Requirement ▸ Your answer must be the exact lines below, starting with the line with "Мастер не только" and going on through the line with "8일 인천 SSG 랜더스필드에서", both included, with no pictures.

Data for this exercise ▸

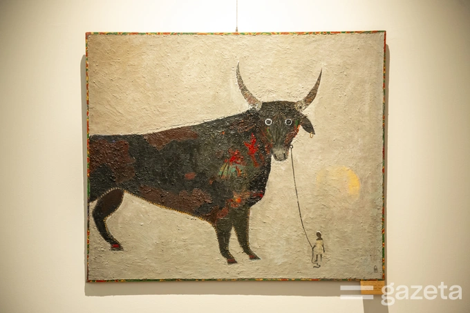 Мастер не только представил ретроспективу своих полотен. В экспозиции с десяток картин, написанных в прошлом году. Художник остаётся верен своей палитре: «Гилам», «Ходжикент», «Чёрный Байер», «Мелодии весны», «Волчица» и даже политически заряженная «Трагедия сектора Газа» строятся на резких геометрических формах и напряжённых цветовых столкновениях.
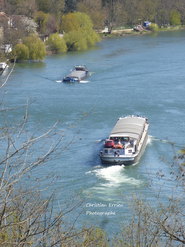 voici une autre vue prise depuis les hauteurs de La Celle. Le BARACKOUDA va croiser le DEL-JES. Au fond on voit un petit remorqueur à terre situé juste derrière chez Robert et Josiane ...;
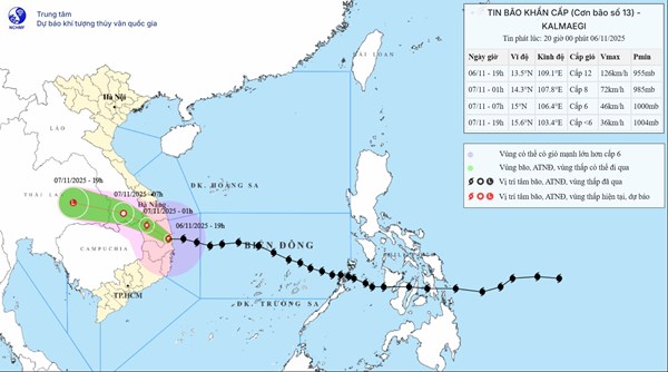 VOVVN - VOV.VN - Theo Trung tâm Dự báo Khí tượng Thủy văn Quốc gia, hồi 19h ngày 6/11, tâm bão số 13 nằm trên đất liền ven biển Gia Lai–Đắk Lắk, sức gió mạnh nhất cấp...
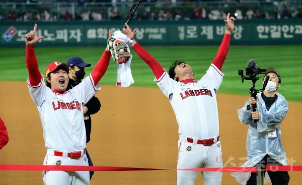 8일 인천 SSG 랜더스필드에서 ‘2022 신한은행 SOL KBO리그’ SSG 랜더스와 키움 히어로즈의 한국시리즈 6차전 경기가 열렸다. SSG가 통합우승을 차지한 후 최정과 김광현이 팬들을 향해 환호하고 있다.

* * *

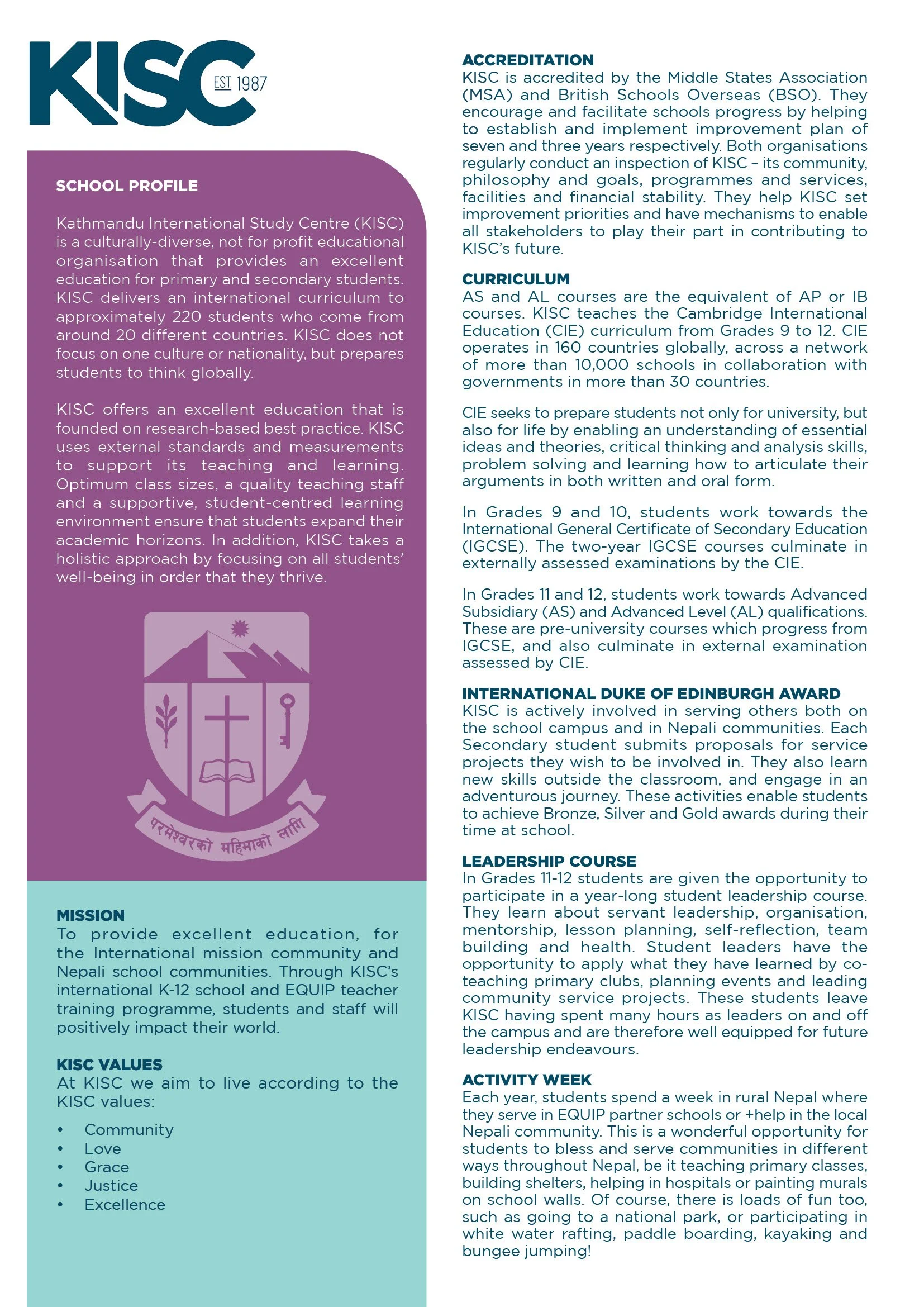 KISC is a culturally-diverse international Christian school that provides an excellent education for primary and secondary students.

--

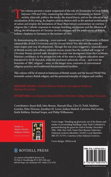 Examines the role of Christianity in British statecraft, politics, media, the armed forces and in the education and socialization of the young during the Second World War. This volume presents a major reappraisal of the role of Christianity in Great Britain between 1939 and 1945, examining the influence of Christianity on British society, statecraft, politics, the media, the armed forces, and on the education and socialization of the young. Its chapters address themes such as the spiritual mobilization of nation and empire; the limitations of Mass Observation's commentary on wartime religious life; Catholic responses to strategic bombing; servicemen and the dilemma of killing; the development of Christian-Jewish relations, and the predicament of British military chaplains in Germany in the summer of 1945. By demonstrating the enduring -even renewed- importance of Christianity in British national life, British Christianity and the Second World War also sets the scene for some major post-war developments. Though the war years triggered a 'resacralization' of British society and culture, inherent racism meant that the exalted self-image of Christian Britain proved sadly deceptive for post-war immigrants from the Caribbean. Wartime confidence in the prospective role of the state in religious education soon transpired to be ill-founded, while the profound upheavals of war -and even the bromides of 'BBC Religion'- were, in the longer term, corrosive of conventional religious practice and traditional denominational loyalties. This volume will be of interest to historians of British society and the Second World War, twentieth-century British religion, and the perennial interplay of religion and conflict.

Exercise response ▸
 Мастер не только представил ретроспективу своих полотен. В экспозиции с десяток картин, написанных в прошлом году. Художник остаётся верен своей палитре: «Гилам», «Ходжикент», «Чёрный Байер», «Мелодии весны», «Волчица» и даже политически заряженная «Трагедия сектора Газа» строятся на резких геометрических формах и напряжённых цветовых столкновениях.
 voici une autre vue prise depuis les hauteurs de La Celle. Le BARACKOUDA va croiser le DEL-JES. Au fond on voit un petit remorqueur à terre situé juste derrière chez Robert et Josiane ...;
 VOVVN - VOV.VN - Theo Trung tâm Dự báo Khí tượng Thủy văn Quốc gia, hồi 19h ngày 6/11, tâm bão số 13 nằm trên đất liền ven biển Gia Lai–Đắk Lắk, sức gió mạnh nhất cấp...
 8일 인천 SSG 랜더스필드에서 ‘2022 신한은행 SOL KBO리그’ SSG 랜더스와 키움 히어로즈의 한국시리즈 6차전 경기가 열렸다. SSG가 통합우승을 차지한 후 최정과 김광현이 팬들을 향해 환호하고 있다.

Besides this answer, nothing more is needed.